# Gotta Brag



## MF-Alpines (Mar 29, 2010)

I came in 2nd Place in the Amateur division of the cheesemaking contest for fresh, unflavored cheese. Made a mild chevre. Not sure how many were entered - still trying to find that out, but I'm happy, none-the-less. dance:

Now, if only I placed in the soapmaking contest. :really


----------



## buckrun (Mar 7, 2008)

Wow Cindy! Impressive!
That is totally awesome.
Should inspire you to do more.
Congratulations.
L


----------



## Cotton Eyed Does (Oct 26, 2007)

Congratulations!!


----------



## MF-Alpines (Mar 29, 2010)

I wish I could sell it. It really is good! Because of laws and all...........yadayadayada.....I've just started trading with other vendors at the FM for produce.

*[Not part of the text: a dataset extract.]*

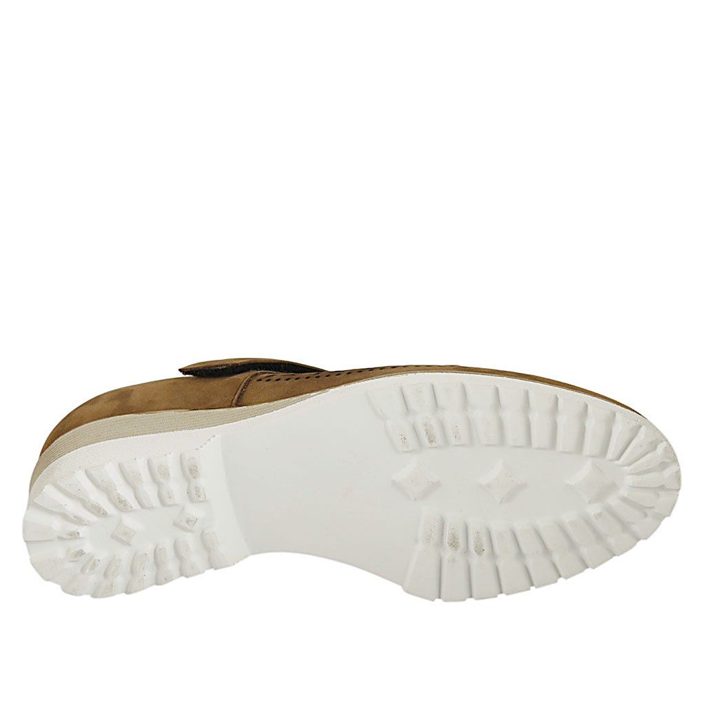 Decolté da donna con velcro e plantare estraibile in camoscio forato color tabacco tacco 4 - Misure disponibili: 31, 33, 34, 42, 43, 44, 45

THAT'S probably illegal, but, oh well. It's not a "sale". A gift for a gift.


----------



## Guest (Oct 22, 2011)

Congrads Cindy, I did not stick around today to find out.. I was just too tired to stay any longer and had to stop and get strong coffee to stay awake on the drive home.. Too many 3 oclock mornings this wk with the convention..
Wonderful news about your cheese... 
Barb


----------



## LostCreek (Aug 15, 2011)

dance:
WAY to GO!!!

I am a novice cheese maker, and have only experimented in my own kitchen and with my own family as guinea pigs. I think that is just TOO cool!! You should be PROUD!!

dance:


----------



## nightskyfarm (Sep 7, 2009)

That's super Cindy! Congrats.


----------